What is the Daily Scrum
The Daily Scrum is a 15-minute event for the Developers. It happens at the same time and place every working day of the Sprint. The purpose is to inspect progress toward the Sprint Goal and adapt the plan.
The Daily Scrum is for the Developers. The Product Owner and Scrum Master may attend if they are working on Sprint Backlog items.
Why It Matters
The Daily Scrum creates a tight feedback loop on the most important question in Scrum: are we on track to meet the Sprint Goal?
When the event works, the team sees risk early and adapts the plan daily. Surprises at Sprint Review become rare.
How It Works in Scrum
The Developers choose the format. The Scrum Guide does not prescribe one. Common formats include the three questions (yesterday, today, blockers), walking the board, or starting with the riskiest item.

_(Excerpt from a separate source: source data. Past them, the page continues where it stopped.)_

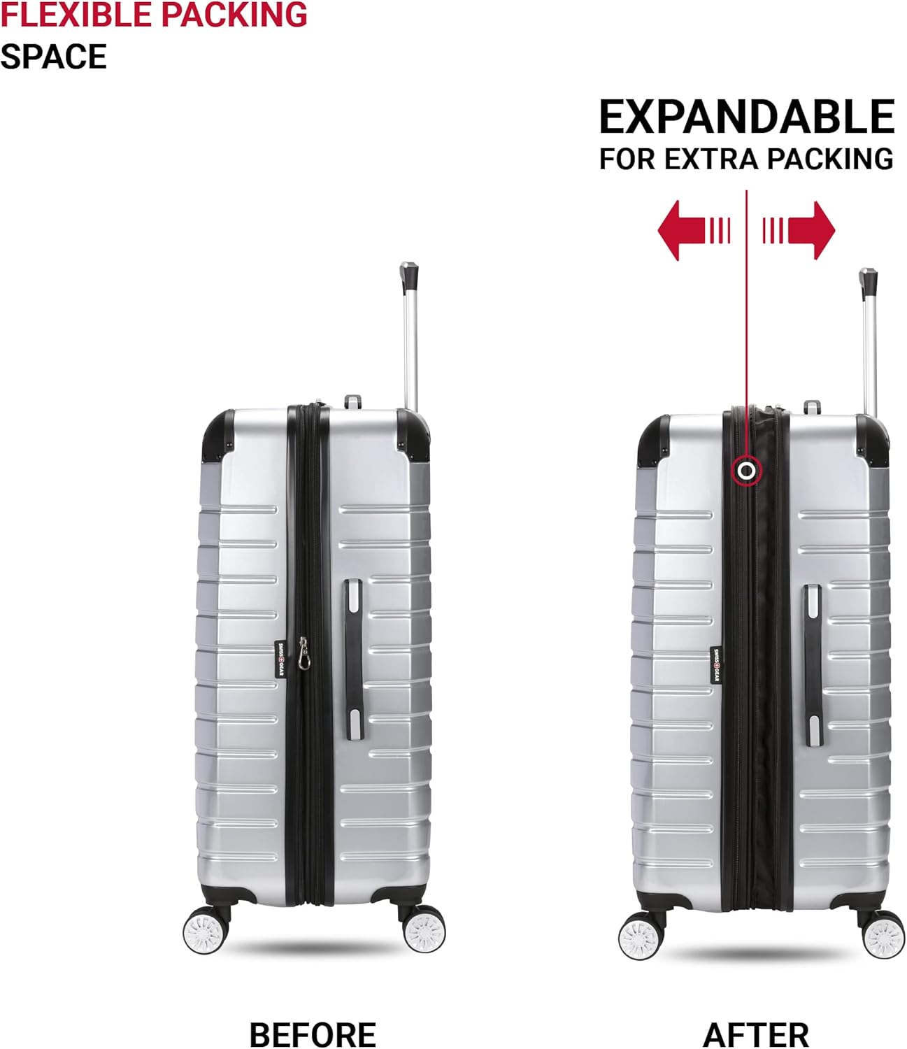SwissGear 7782 Hardside Expandable Luggage with Spinner Wheels, Silver, Checked-Large 27-Inch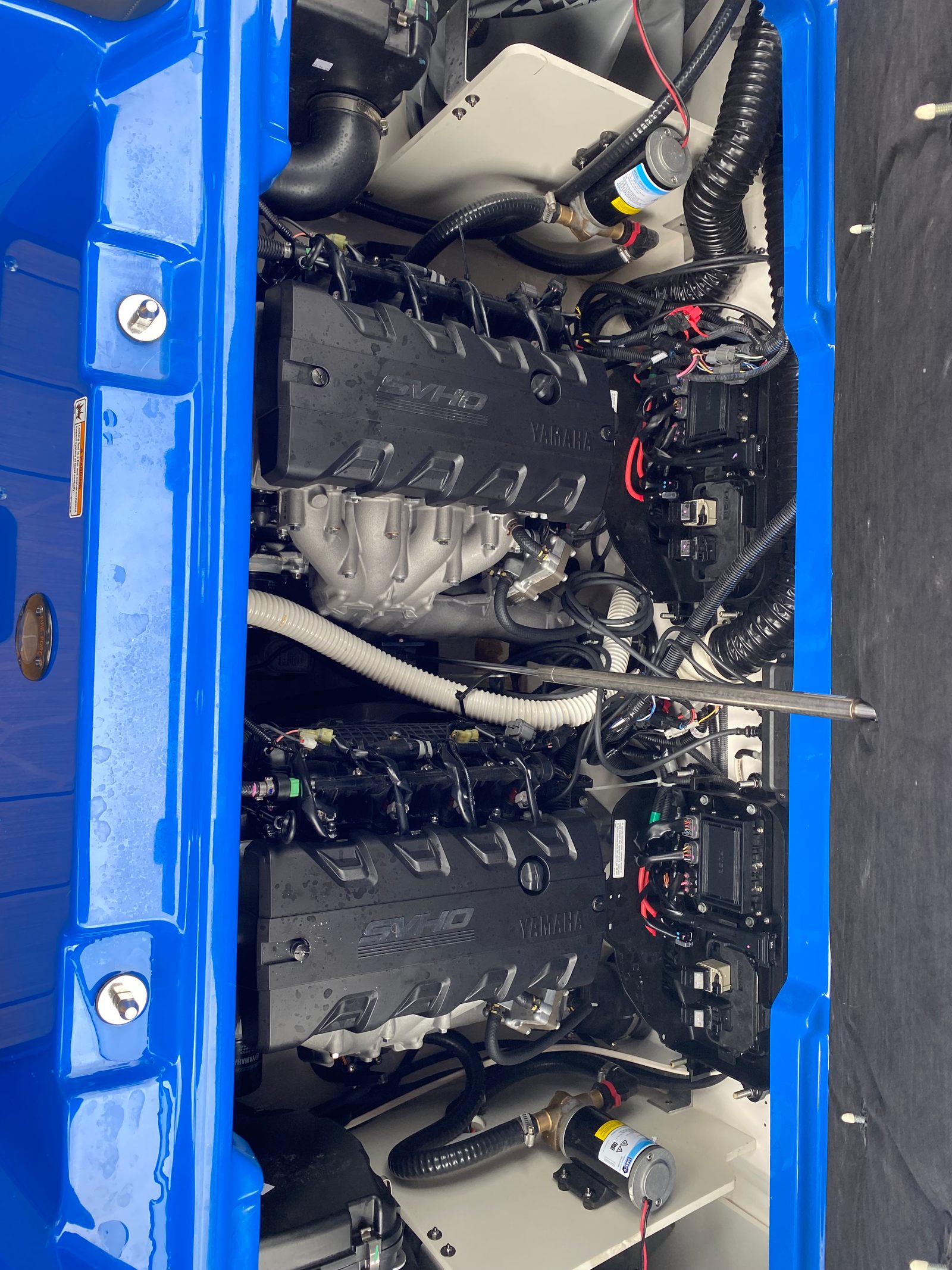 At the heart of the Yamaha 255 XD are twin engines, delivering a combined 500 horsepower for an adrenaline-pumping experience every time you hit the throttle. The dual-engine setup provides not only impressive speed and acceleration but also enhanced maneuverability, making docking and navigating tight spaces a breeze. With only 60 engine hours, these engines are primed for many more seasons of reliable performance. Whether you’re cruising at a leisurely pace or pushing the limits for watersports, the Yamaha 255 XD responds with agility and power, ensuring a smooth and responsive ride.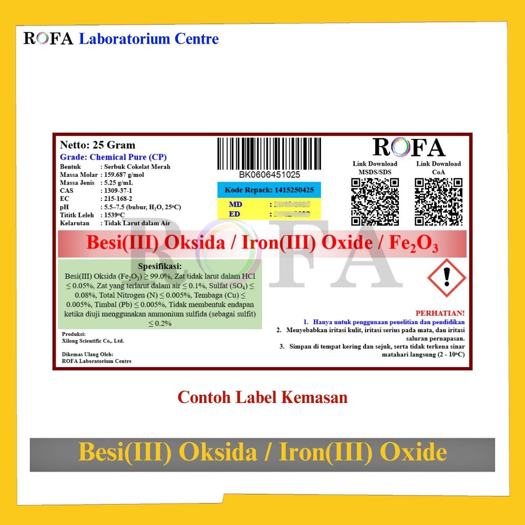 ROFA Besi(III) Oksida / Iron(III) Oxide / Ferric Oxide / Red Iron Oxide / Fe2O3 CP 25 Gram
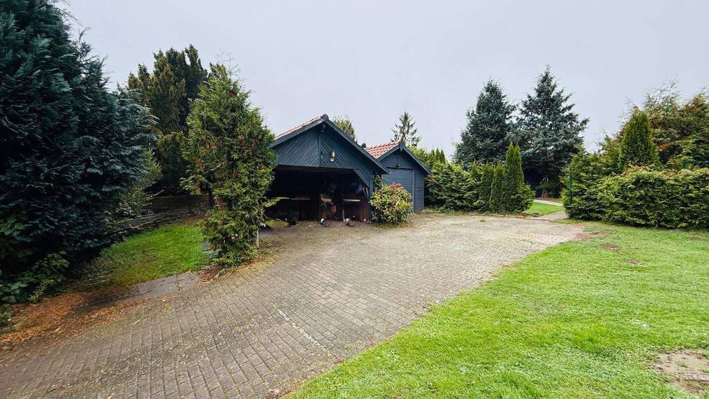 Das Grundstück ist bereits bebaut mit einem Carport, einer Garage und einem Pavillion.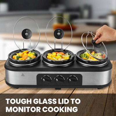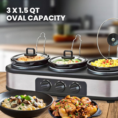 Schallen Triple 3 x 1L Stainless Steel Stew and Stir Slow Cooker Cooki ...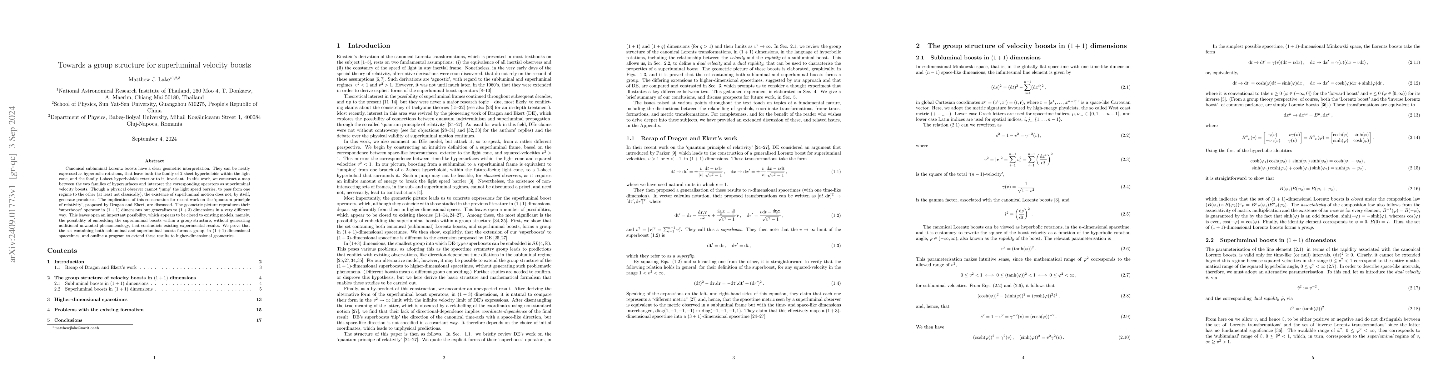 This paper constructs a map between subluminal and superluminal velocity boosts, interpreting them as hyperbolic rotations and demonstrating that these boosts can be embedded within a group structure in $(1+1)$-dimensional spacetimes. It discusses implications for the quantum principle of relativity and outlines a plan to extend these findings to higher dimensions.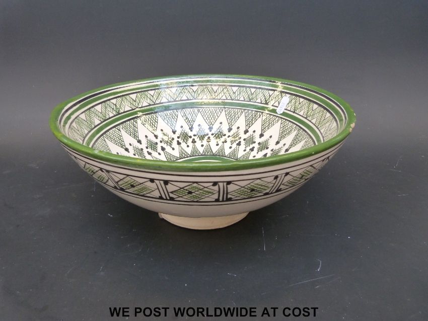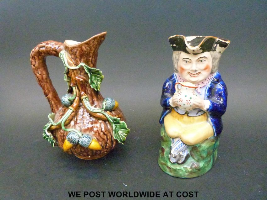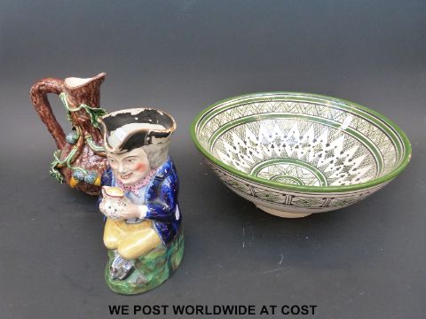 A bark effect jug with applied acorns, a Toby jug, and a Moroccan Art Deco style bowl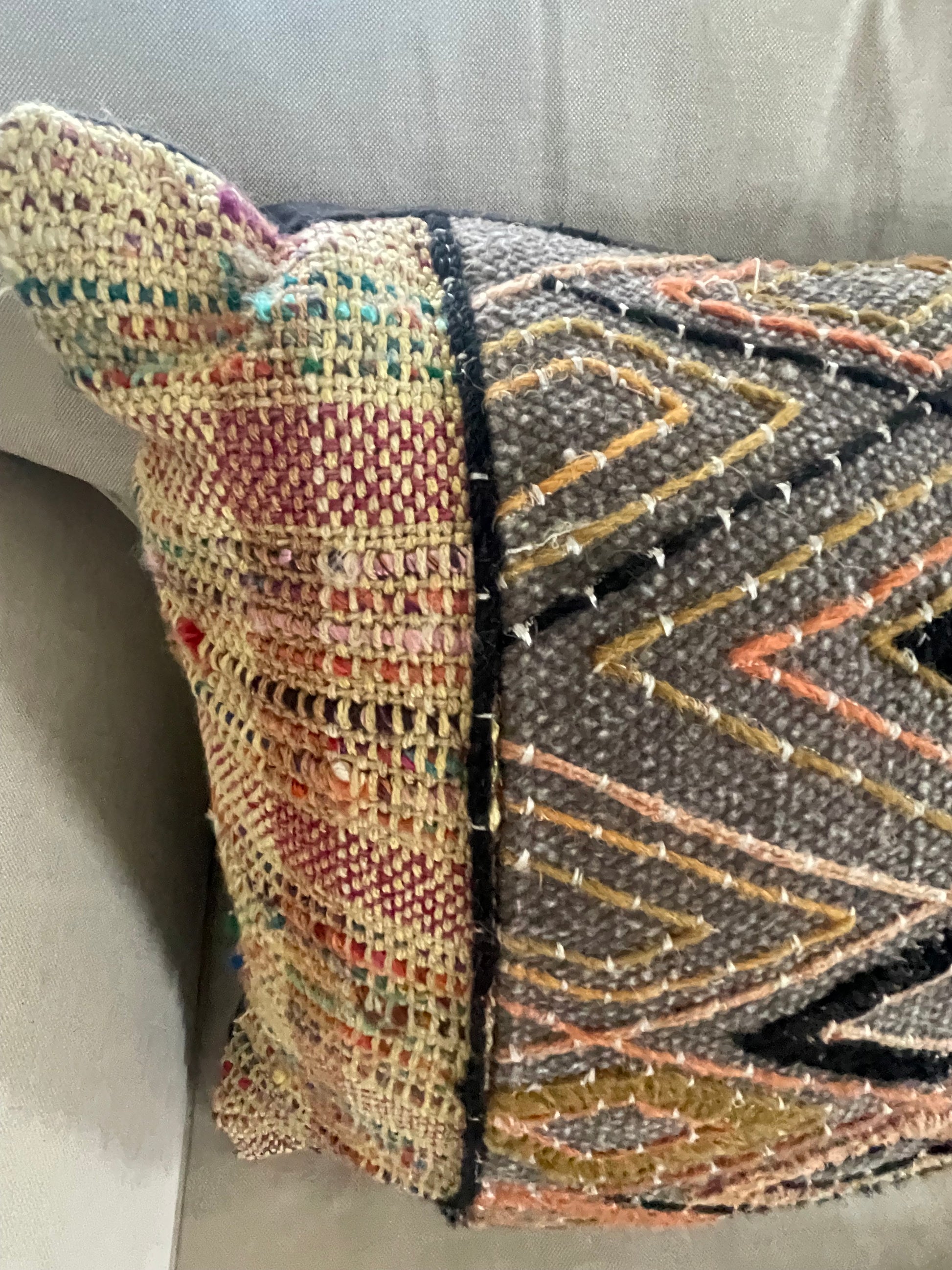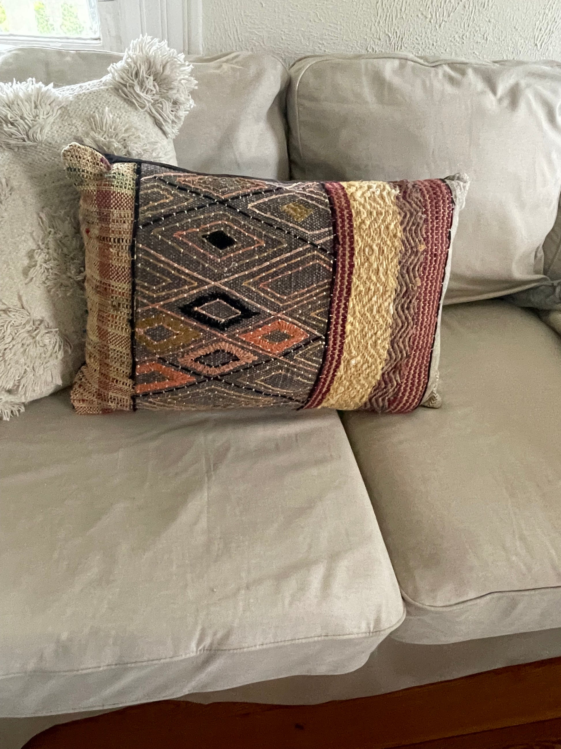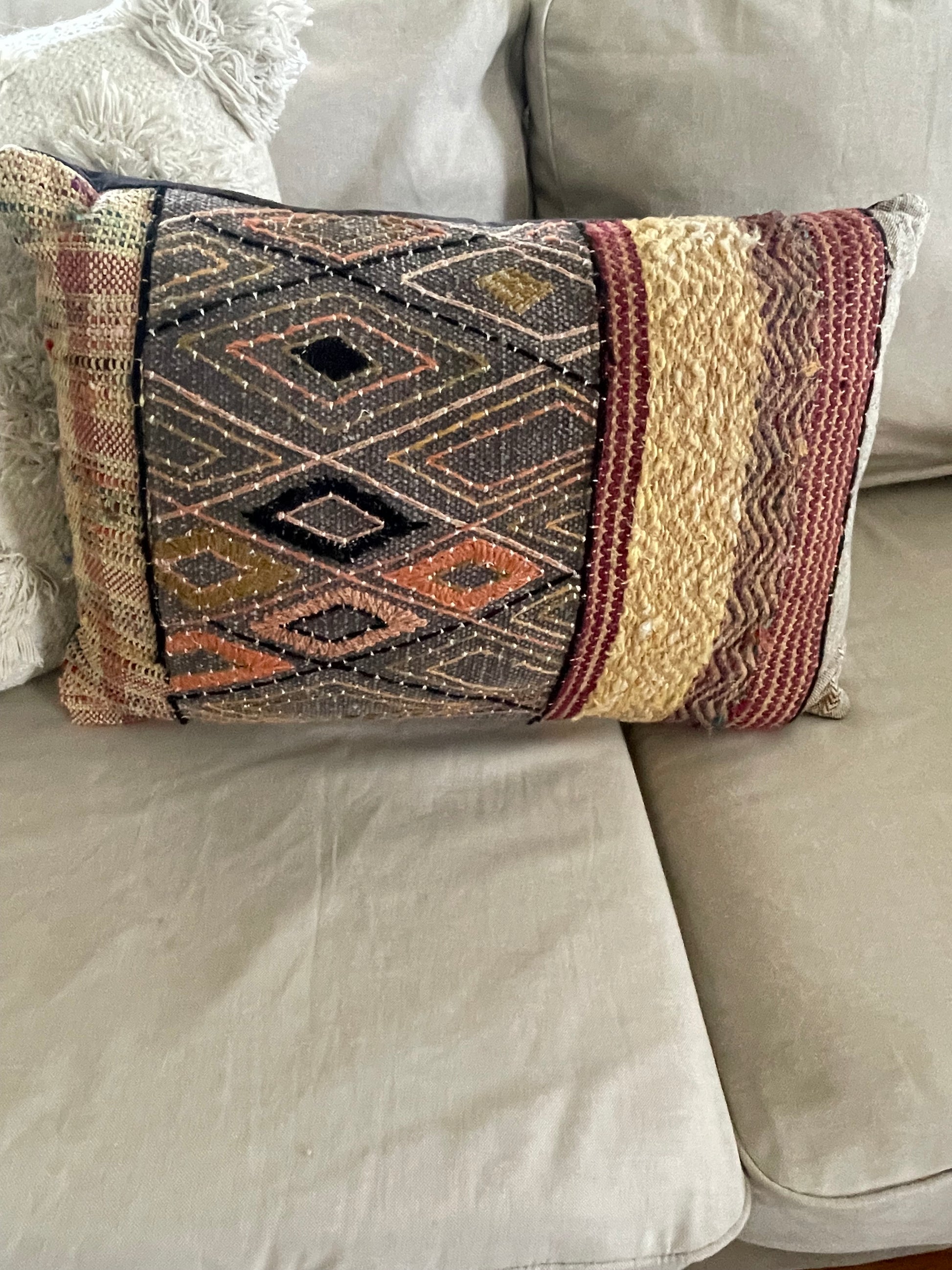 Hand woven vintage fabric pillow in all the right shades for fall. This pillow adds warmth and a great color pop while style being subtle and stylish. Our pillow will feel right at home in a country farmhouse, a modern loft, a boho eclectic living room, a traditional home, a sea side villa, a rustic cabin… you get the idea, this wonderful layering piece is a great addition to any home.

What matters is the outcome:
- A clear read on whether the Sprint Goal is at risk
- An updated plan for the next day
- Visibility into impediments the Scrum Master needs to remove
Deeper conversations happen after the Daily Scrum, not inside the 15 minutes.
Common Mistakes
- Reporting status to a manager. The event is for the Developers, not for anyone else.
- Running long. The 15-minute time-box is a forcing function. Solve problems after the event, not during.
- Skipping it when "nothing has changed." The point is inspection. A fast confirmation that nothing changed is fine.
- Perfunctory round-robin. Reading three answers each with no real conversation is not a Daily Scrum.
- Scrum Master running it. The Scrum Master ensures the event happens. The Developers run it.
Key Takeaways
- 15 minutes, every working day, for the Developers.
- Inspect progress toward the Sprint Goal and adapt the plan.
- Format is flexible. Focus and time-box are not.
- A status meeting is not a Daily Scrum.